INSTRUCTIONS TO FOLLOW: What is printed must match, line for line, the records from their first line through the line containing "В первую очередь", with pictures left out.

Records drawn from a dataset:
= = = = = = =

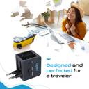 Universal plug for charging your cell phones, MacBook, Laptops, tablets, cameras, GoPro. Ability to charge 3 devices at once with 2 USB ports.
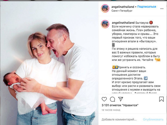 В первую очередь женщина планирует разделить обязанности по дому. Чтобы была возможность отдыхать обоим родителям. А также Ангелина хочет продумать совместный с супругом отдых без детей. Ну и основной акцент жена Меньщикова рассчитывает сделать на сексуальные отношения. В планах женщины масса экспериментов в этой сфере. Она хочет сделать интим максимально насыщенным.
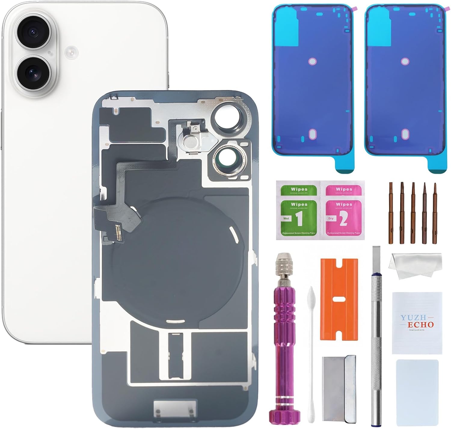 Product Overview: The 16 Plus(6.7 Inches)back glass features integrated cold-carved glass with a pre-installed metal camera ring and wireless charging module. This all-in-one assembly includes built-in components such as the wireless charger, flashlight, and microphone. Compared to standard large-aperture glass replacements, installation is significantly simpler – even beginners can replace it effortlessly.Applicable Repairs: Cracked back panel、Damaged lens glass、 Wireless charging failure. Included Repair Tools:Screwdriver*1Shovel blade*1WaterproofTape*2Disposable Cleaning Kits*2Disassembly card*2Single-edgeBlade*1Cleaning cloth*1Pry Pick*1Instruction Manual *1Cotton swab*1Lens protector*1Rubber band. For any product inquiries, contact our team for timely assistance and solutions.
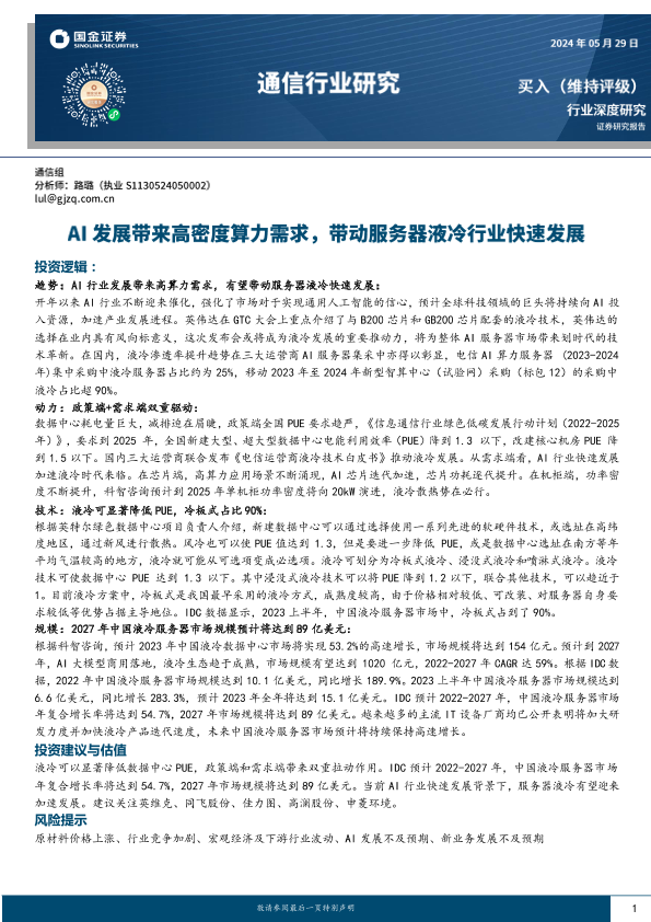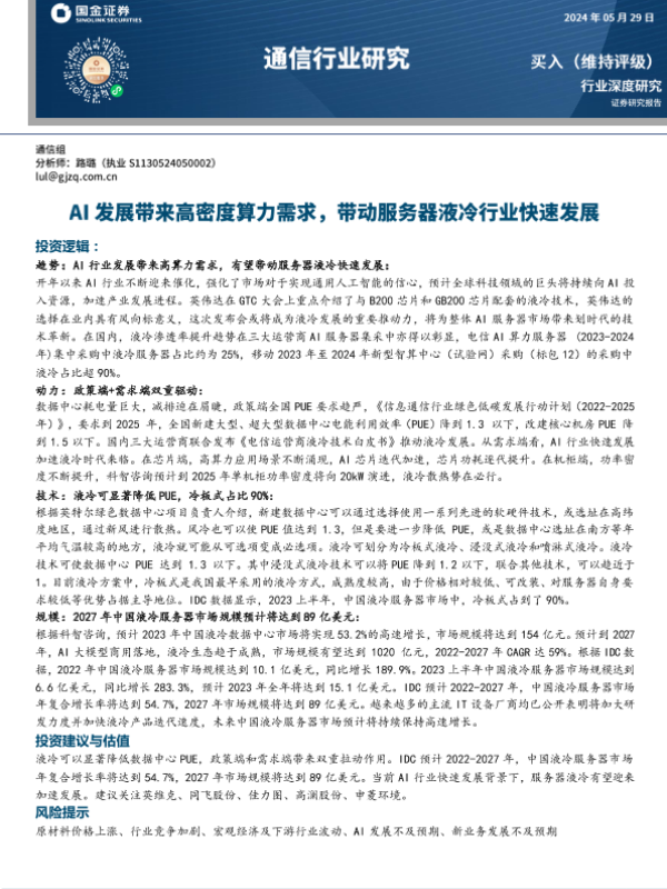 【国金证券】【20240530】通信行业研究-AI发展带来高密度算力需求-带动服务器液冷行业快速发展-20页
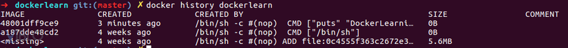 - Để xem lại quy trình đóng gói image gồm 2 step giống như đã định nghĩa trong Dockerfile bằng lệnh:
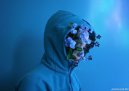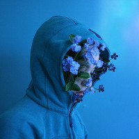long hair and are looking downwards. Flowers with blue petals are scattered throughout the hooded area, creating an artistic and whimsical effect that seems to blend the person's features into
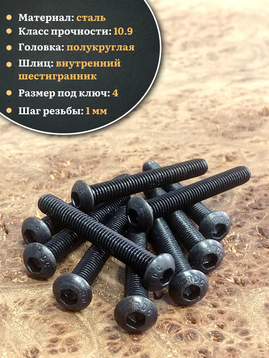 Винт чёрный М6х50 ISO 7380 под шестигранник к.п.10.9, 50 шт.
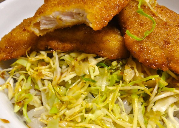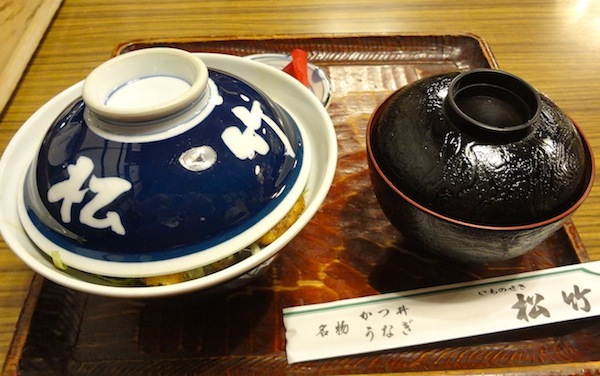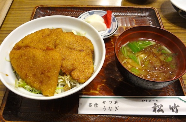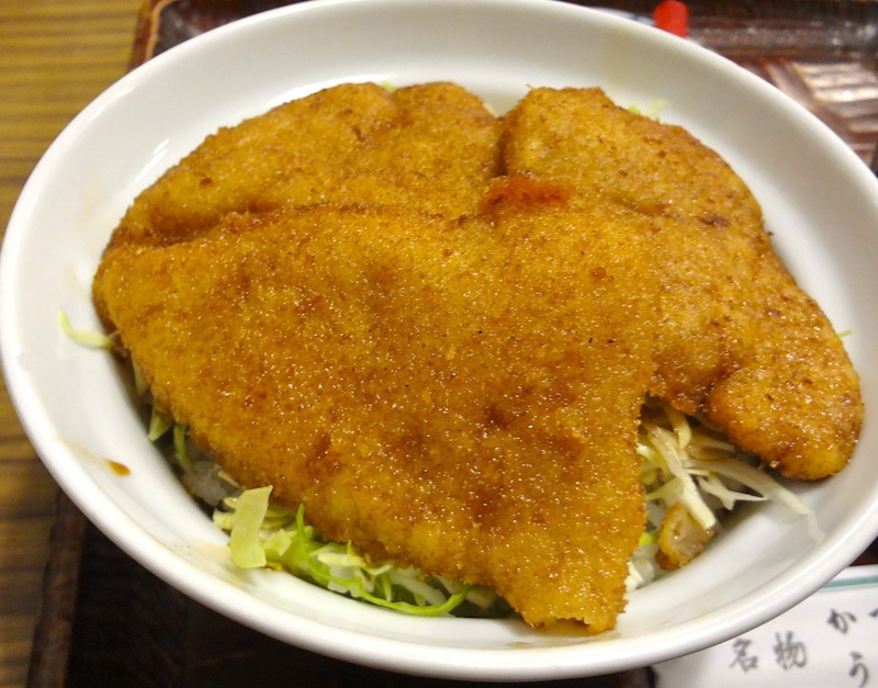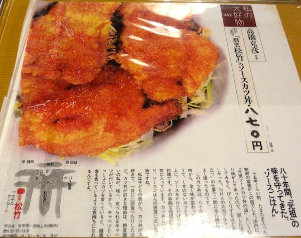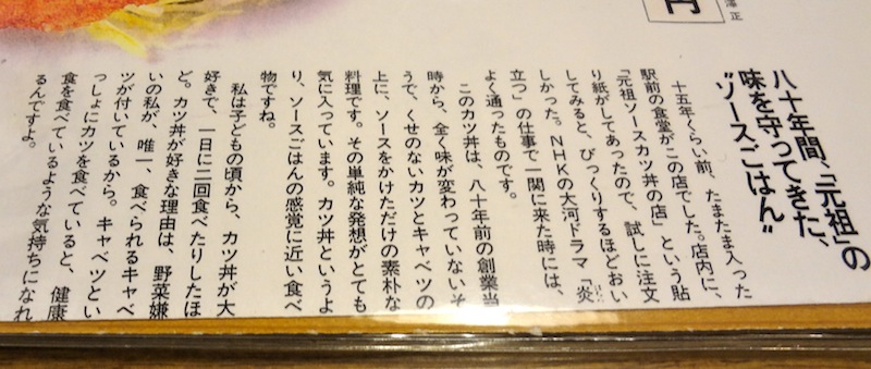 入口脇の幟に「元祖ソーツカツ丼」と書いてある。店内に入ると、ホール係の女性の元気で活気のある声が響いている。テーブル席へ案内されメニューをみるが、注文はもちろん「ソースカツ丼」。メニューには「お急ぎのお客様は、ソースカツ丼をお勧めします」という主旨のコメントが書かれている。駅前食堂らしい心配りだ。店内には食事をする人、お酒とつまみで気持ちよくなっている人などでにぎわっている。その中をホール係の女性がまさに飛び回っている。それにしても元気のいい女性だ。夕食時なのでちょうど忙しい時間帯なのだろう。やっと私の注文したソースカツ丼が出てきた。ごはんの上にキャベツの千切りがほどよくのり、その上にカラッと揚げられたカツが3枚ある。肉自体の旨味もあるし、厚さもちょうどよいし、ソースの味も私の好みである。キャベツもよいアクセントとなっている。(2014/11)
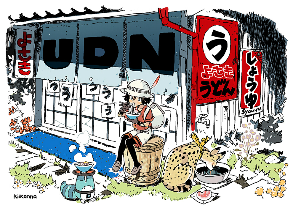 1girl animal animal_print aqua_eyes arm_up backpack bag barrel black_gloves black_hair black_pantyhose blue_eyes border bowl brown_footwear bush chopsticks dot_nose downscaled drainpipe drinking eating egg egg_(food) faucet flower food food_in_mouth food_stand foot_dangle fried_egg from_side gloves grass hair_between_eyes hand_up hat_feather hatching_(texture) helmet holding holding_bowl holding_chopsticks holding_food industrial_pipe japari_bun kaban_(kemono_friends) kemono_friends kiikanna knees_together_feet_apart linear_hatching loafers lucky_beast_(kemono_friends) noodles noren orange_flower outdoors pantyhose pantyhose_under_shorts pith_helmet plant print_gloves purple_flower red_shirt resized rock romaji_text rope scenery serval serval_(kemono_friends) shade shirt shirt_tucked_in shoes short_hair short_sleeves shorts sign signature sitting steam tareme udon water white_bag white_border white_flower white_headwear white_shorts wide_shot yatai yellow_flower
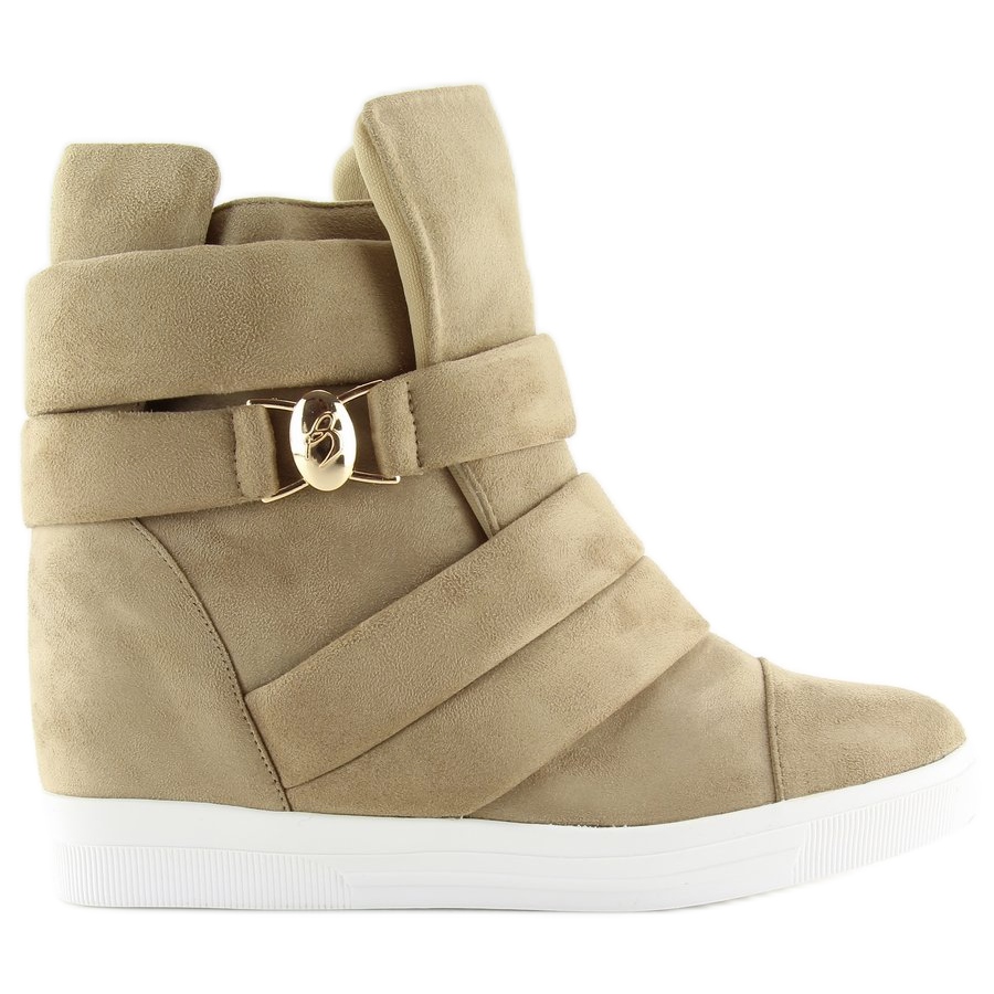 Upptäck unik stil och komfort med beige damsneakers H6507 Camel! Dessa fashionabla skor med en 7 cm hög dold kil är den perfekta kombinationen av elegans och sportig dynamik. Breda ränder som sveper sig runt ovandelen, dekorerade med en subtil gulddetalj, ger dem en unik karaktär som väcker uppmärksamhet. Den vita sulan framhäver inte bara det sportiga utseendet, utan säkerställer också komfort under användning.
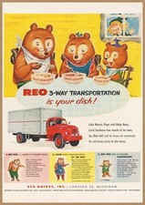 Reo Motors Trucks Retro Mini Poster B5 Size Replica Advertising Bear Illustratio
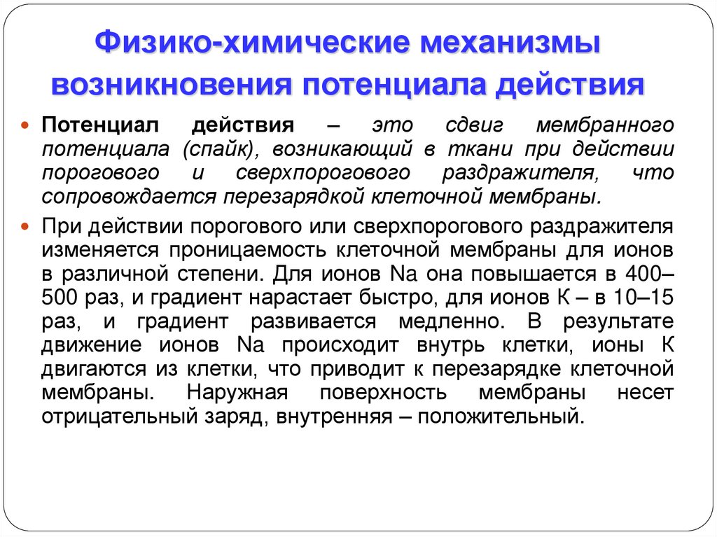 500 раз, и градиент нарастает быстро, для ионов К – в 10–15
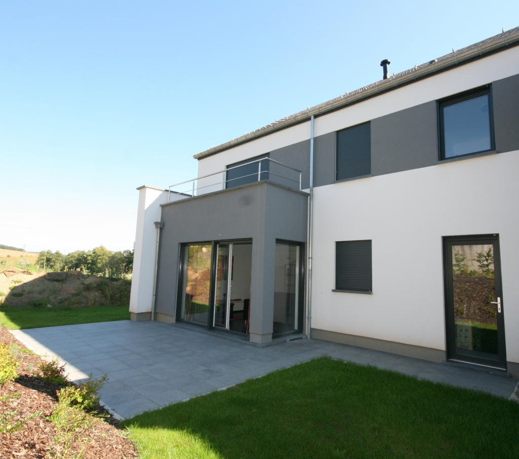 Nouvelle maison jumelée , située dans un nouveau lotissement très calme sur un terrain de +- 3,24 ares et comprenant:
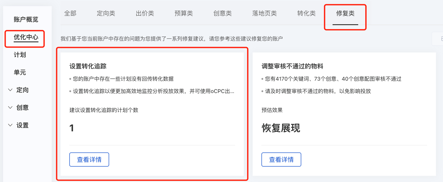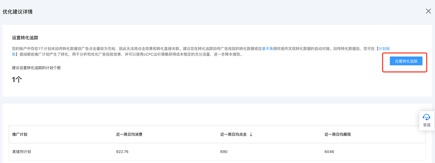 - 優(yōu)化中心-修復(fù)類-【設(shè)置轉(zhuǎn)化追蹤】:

= = = = = = =

EXERCISE ANSWER:
 Universal plug for charging your cell phones, MacBook, Laptops, tablets, cameras, GoPro. Ability to charge 3 devices at once with 2 USB ports.
 В первую очередь женщина планирует разделить обязанности по дому. Чтобы была возможность отдыхать обоим родителям. А также Ангелина хочет продумать совместный с супругом отдых без детей. Ну и основной акцент жена Меньщикова рассчитывает сделать на сексуальные отношения. В планах женщины масса экспериментов в этой сфере. Она хочет сделать интим максимально насыщенным.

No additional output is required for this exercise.